O anúncio de uma Autobiografia do Papa Francisco alvoroçou o noticiário – e o mercado editorial – e abriu o apetite para a leitura de mais uma publicação do sumo pontífice. Desta vez não era uma encíclica, nem mais um livro em que «Deus» surge no título e o rosto do Papa em destaque, como em Deus Quer que Sejas Feliz (Porto) ou Deus Ama-te (Albatroz), mas um volume onde a palavra Esperança domina o título, aumentando o do anterior de há poucos meses, A Esperança Nunca Desilude (Cultura). Esta prolífica veia literária do Papa não impediu que ao chegar às livrarias, Esperança atingisse de imediato o primeiro lugar nas vendas de não-ficção.

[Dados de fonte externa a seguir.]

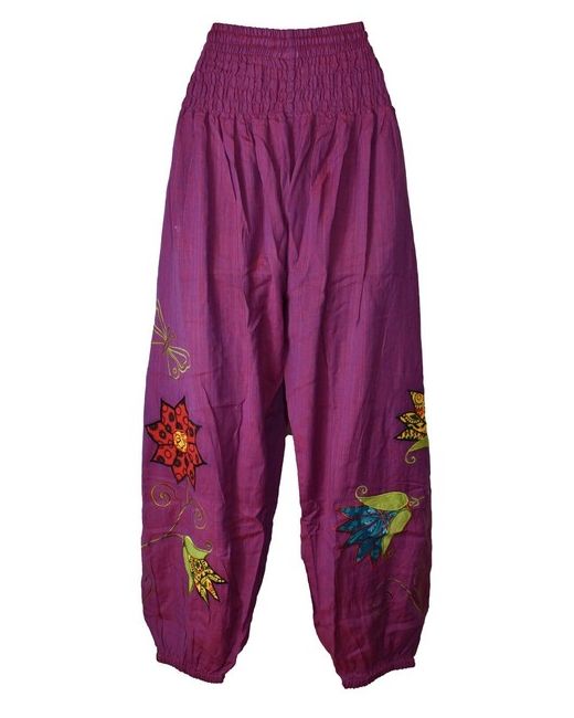 Flower patterns with butterfly goes around the leg front and back. Hippy Flower Pattern Cotton Trousers. These new trousers are made to our design and sizing by our talented tailor in Nepal. The waistband is fully elasticated with super soft elastic and shearing and also has a draw cord.

A razão é simples, trata-se de uma autobiografia de um Papa que deu muita esperança aos católicos com a sua eleição e por ser um relato da sua vida escrito na primeira pessoa. Coisa nunca vista no Vaticano e que Francisco decidiu alterar, revivendo a sua vida desde os primeiros anos, sem esquecer as raízes, até ao presente, não ignorando as crises do seu papado e as muitas que o mundo tem atravessado, como a da invasão da Ucrânia pela Rússia e a guerra eterna no Médio Oriente. Torna-se ainda uma obra mais importante por não evitar tópicos da sua vida pessoal que poderia ignorar.

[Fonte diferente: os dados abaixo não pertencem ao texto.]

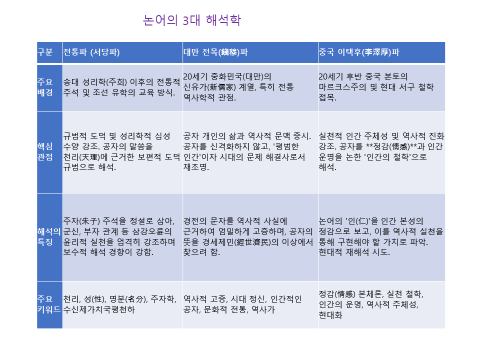 * 전통파의 대표적인 인물로는 주희가 있으며, 그의 주석은 유교 경전 해석의 기준으로 여겨집니다. 전통파는 유교의 도덕적, 윤리적 가르침을 강조하며, 사회적 질서와 개인의 도덕적 수양을 중요시합니다.

Não se pode considerar que Autobiografia resulta unicamente do próprio pulso de Francisco, mas o processo é em tudo autobiográfico e fruto da sua reflexão. Durante os últimos seis anos, entre 2019 e dezembro de 2024, o editor italiano Carlo Musso teve bastantes conversas, trocou mensagens e recebeu textos do Papa, e é o resultado dessa relação que está posto em Esperança. Aliás Musso foi bem claro sobre todo esse processo: “Só depois dessa recolha é que escrevi uma primeira versão, a que se seguiu um percurso a dois para o livro ser o mais perfeito possível. Antes e depois, houve sempre uma grande liberdade e nunca foram estabelecidas linhas vermelhas. Desse modo, Esperança reflete as memórias muito pessoais do Santo Padre a todos os níveis: a vida pessoal, a vida religiosa e o pontificado. O Papa é a cola que une toda a narrativa, sendo claro que mesmo perante qualquer dificuldade, Francisco tem sempre uma mensagem invencível de esperança.”

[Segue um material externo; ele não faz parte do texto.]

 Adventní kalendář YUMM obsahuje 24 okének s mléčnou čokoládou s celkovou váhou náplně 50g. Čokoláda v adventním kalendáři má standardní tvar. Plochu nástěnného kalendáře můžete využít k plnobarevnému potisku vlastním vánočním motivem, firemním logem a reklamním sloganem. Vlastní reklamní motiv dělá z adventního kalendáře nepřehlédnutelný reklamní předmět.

O lançamento antecipado de Esperança é justificado por 2025 ser o Ano Santo do Jubileu e de este volume poder contribuir como guia espiritual para esta data. Assim, consciente de que as suas palavras poderiam ajudar a “preparar» os católicos e a «renovar» a confiança dos crentes para os desafios em perspetiva, Francisco decidiu publicar um livro que deveria ser póstumo. Com um sucesso tal que entrou na lista dos bestsellers do New York Times e tem tido resenhas bastante elogiosas pelo que a Autobiografia desvendava e a situação inesperada do principal protagonista das religiões levar para livro uma “narrativa íntima de grande força”, de evidenciar um tom “profético” em alguns dos seus pensamentos e, até, em incluir uma série de fotografias nunca vistas.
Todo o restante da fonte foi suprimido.